В Ленинграде ее любили, гладили по голове, иногда целовали в макушку. А здесь только мама погладит, да и то редко, – целый день ее нет, на работе да на работе. Бабушка Екатерина Митрофановна не обижает, но Анечку она любит больше, это сразу видно. Принесет ей откуда-то кусочек сахара, даст, а Зоя стоит и смотрит. А бабушка Зое: «Ну чего рот раззявила? Ты уж большая…»

Один раз Марта Сергеевна сказала бабушке при Зое: «Благородный всё-таки человек ваш Костя: с ребенком взял. Чужой ребенок, не свой». Зоя не сразу поняла: что взял, кого? Потом догадалась: замуж взял маму. А чужой ребенок – это она, Зоя.

Поняла и не заплакала, но было очень обидно. Как это чужая? Она же своя, родная. Сами учили называть Костю папой, а сами – «чужая». И бабушка не спорила с Мартой Сергеевной, только охала: «Двое детей, это сказать легко!»

Аня была хорошая сестричка, не капризная. Правда, молоко у мамы почему-то пропало. Это она всё время о Ленинграде волновалась, там война и голод, а наши же все там. А когда молоко пропало, пришлось брать банки и бутылочки с питанием в молочной кухне детской консультации. А кому брать? Мама на службе, бабушка с Аней. Остается одна Зоя.

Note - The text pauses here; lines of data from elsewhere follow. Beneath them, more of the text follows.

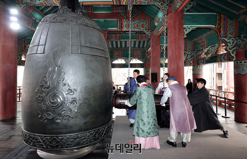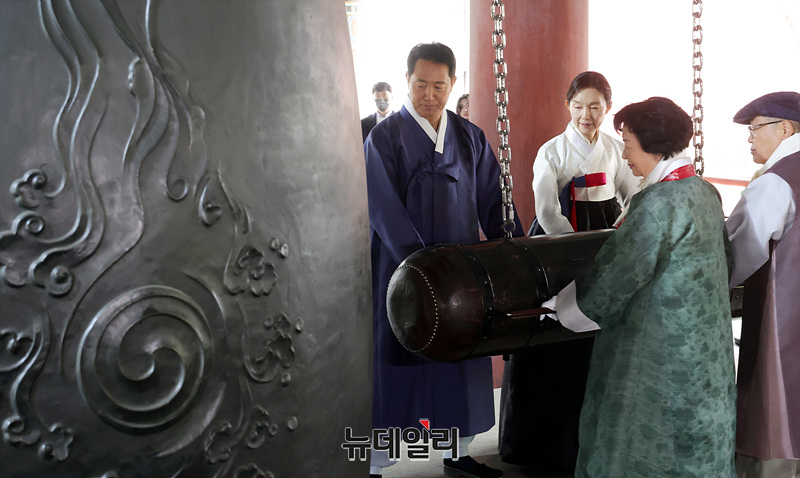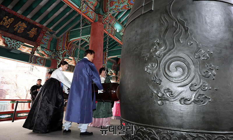 오세훈 서울시장, 최호정 서울시의회 의장, 독립유공자 후손 등을 비롯한 참석자들이 1일 오전 서울 종로구 보신각에서 열린 제107주년 3·1절 기념 타종행사에서 타종을 하고 있다.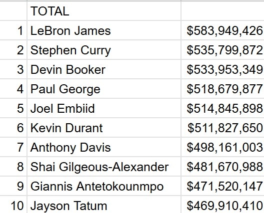 1 勒布朗-詹姆斯 583,949,426美元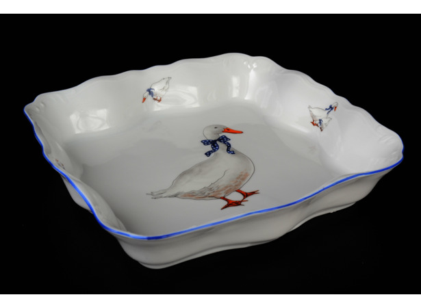 Салатник "Гуси" 26 см. квадратный.

Зое давали сетку с пустыми банками и бутылочками, – сколько банок и бутылок, столько «питаний», – и она ходила в консультацию. Шла, напевая какую-нибудь песенку и раскачивая сумку с банками. Один раз ударила нечаянно сеткой о ствол дерева, и одна банка разбилась. Дали на одно «питание» меньше, и Зоя горько плакала.

Всё бы ничего, но с осени Зоя пошла в школу. Училась во вторую смену, а «питание» сестренке всё равно надо было брать. Его надо было брать сразу после уроков, пока не поздно, пока выдавать не кончили.

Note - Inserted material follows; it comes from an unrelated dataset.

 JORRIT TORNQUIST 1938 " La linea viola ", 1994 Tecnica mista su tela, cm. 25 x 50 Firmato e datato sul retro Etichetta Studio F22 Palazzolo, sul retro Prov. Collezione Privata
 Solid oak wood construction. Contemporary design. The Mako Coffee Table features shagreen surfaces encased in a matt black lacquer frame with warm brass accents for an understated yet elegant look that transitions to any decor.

Пустые банки гремели у Зои в парте, учительница сердилась, но ничего поделать не могла. Писать Зоя уже умела, хотя и некрасиво. Читала бегло. Стихотворения наизусть запоминала с одного раза. Только вот шумная очень девочка, банки вечно гремят, – и Зою посадили за последнюю парту.

Уроки кончаются. Зоя складывает в сумку тетради и учебники, берет в кулачок неразливайку, а в другую руку сумку и сетку с банками и идет в консультацию. Спешит. Консультация помещается в одноэтажном белом домике с верандой. Зоя становится в очередь.

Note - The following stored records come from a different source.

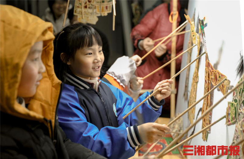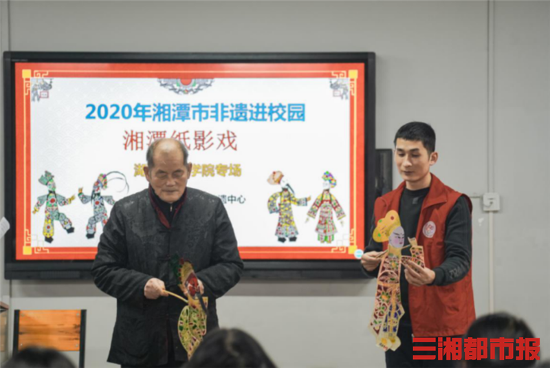 三湘都市报12月6日讯(通讯员 杨欢 杨硕 刘东芝 记者 刘镇东 黄京)一块白布是舞台,尺把长的小人是演员,当灯光穿过纸影,艺人浑厚的腔调,再配以打击乐器和弦乐,一场好戏就开演了!湖南省非物质文化遗产传承人吴升平、吴渊爷孙俩人双手齐舞、棍飞线绕,娴熟地操纵着纸影,伴着铿锵的锣鼓,84岁高龄的吴升平声情并茂地唱着曲儿。这是12月4日下午,湘潭升平轩纸影博物馆在beat365平台官方网站举办的“非遗进校园系列活动之请你来看戏”主题活动的精彩一幕。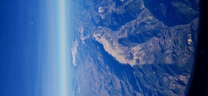 An aerial view showcases a rugged landscape, likely mountains, blanketed in a mix of greenery and exposed rock. The earth transitions to a blue atmosphere, punctuated by a small celestial object, possibly the moon. The edge of a window frame is visible in the lower right corner, suggesting the photo was taken from an aircraft. The horizon is distinct with a layered blue effect.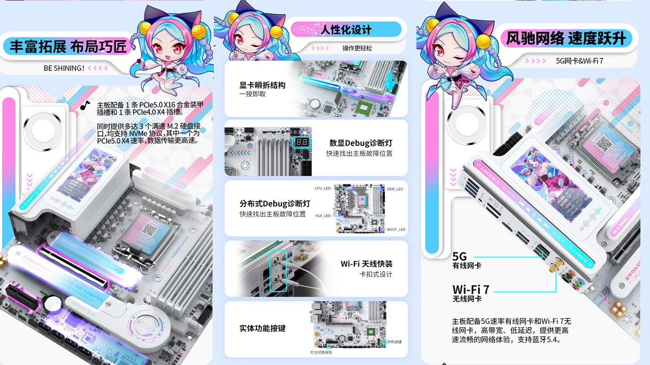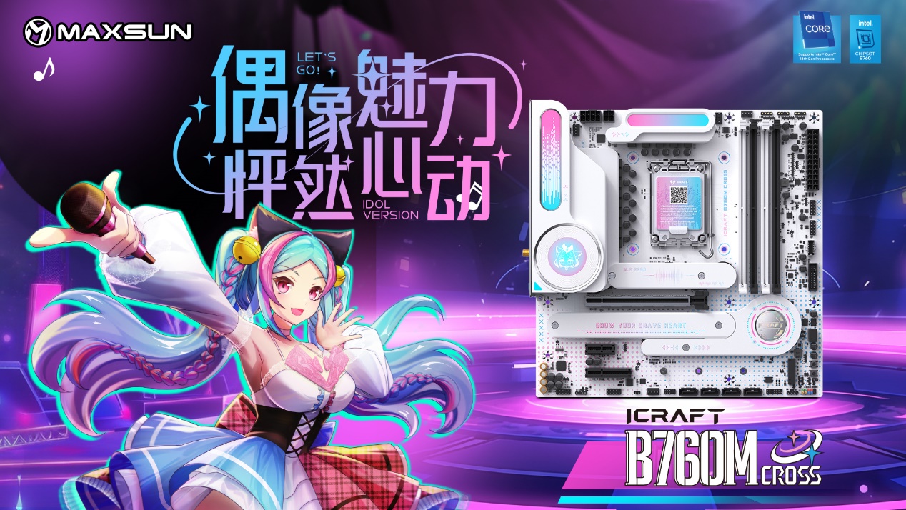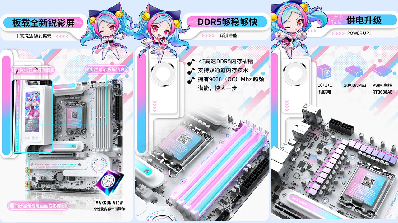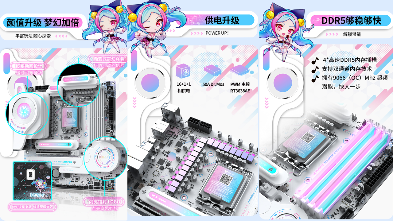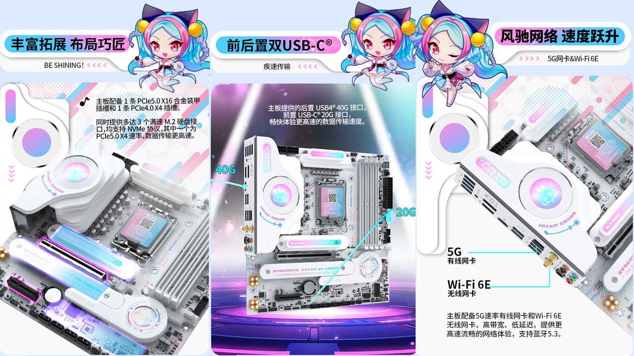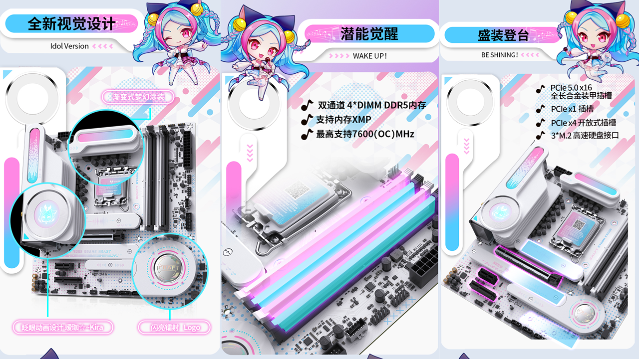 銘瑄iCraft B760M CROSS主板,外觀上粉藍配色,主板上的吉他裝甲以及多處的漸變設計點綴,加上全白的PCB和大面積的個性裝甲,吸睛度拉滿。值得一提的是主板上的創(chuàng)新式LED小屏幕,通電后可以發(fā)現(xiàn)這里是一個會眨眼的Q版璦珈,通過BIOS設置還能調(diào)節(jié)小璦珈的不同5種不同動作狀態(tài),給整個DIY主機注入了新的活力。除了出眾顏值,性能同樣不容小覷。供電方面,主板采用了12+1+1相的供電設計,核心供電都是50A Dr.Mos,備4條雙通道DIMM的DDR5內(nèi)存插槽,優(yōu)化的線路布局,讓它擁有優(yōu)秀的超頻能力,支持內(nèi)存XMP,最高可至7600MHz。還搭配了一條PCIE5.0 X16全長合金裝甲插槽、一條PCIex1 插槽、和一條PCIe x4開放式插槽,存儲方面主板搭載3個M.2硬盤接口、4個6G SATA接口,無論是外接設備還是擴容存儲,都能輕松滿足,適配宅家多樣化使用需求。

– Я маленькая под забором валялась, а мой ребенок в кружевах лежит, – говорит усталая женщина, прибежавшая с работы за питанием, своей соседке в очереди.

– Ну какая же это жизнь: всюду очереди, жрать нечего, детей жалко.

– Это война, милая моя, это Гитлер виноват, понимать надо. Нет, мы разницу хорошо знаем: как прежде было и как при нашей Советской власти. Разве нам питание врачи по рецепту готовили, чтобы витамины, чтобы на молоке да на сливках? Это понимать надо.

Очередь длинная. Что даром время терять? Зоя садится на ступеньки веранды, достает тетрадку и вставочку, – так она по-ленинградски ручку называет, – ставит рядом неразливайку. Что там задано по арифметике? Примерчики: один плюс два равно три. Чепуха какая! Это в одни миг можно решить.

Сидя на ступеньках, она делает уроки. Иногда ей кажется, что она в лесу, а ноги стоящих вокруг взрослых людей – это стволы деревьев.

Получив питание, Зоя спешит домой: наверно, Аня плачет, есть хочет. Самой тоже хочется есть. Но без спросу Зоя никогда ничего не берет.

Когда мама приносит паек, она сразу всё делит: и хлеб и конфеты. Вот лапшу сразу не делят, ее раньше подогревают. Зоя съедает тарелку лапши, потом мама дает добавку – еще полтарелки, а то и целую, а хочется еще и еще. И Зоя спрашивает: «Мама, а лапшой можно досыта накушаться?»

Принесла мама конфеты, разложила по кастрюлькам, где лежит хлеб, чтобы не зачерствел в жаре, – бабушке, себе, Ане и Зое. А потом взяла и тихонько свои конфеты Зое перекидала. Круглые, твердые, «крокет». Зоя заметила:

– Ты зачем мне все отдала?

– А я их не люблю, доченька.

Знаем, как она не любит. Зоя сама видела, как мама один раз целых три таких конфеты с чаем съела, и не сосала их, а грызла.

Вечером, пока мамы нет, Зоя достает из своей кастрюльки две круглые конфеты и кладет их маме под подушку: пускай. Зоя уже спать будет, мама и не узнает, кто это положил. Съест, и ей будет хорошо.

Мама приходит усталая. Дети спят. Бабушка достает ей суп из-под ватного колпака. Мама поела, стелет постель.

Что это к подушке прилипло?

– Екатерина Митрофановна, это вы мне сюда конфеты подсунули?

– Я не подсовывала. Я бы вам в кастрюльку положила, если бы было что.

– Значит, это Зоя.

Маша отклеивает конфеты от подушки, смотрит на них и плачет. Одну съела, другую положила в Зоину кастрюльку.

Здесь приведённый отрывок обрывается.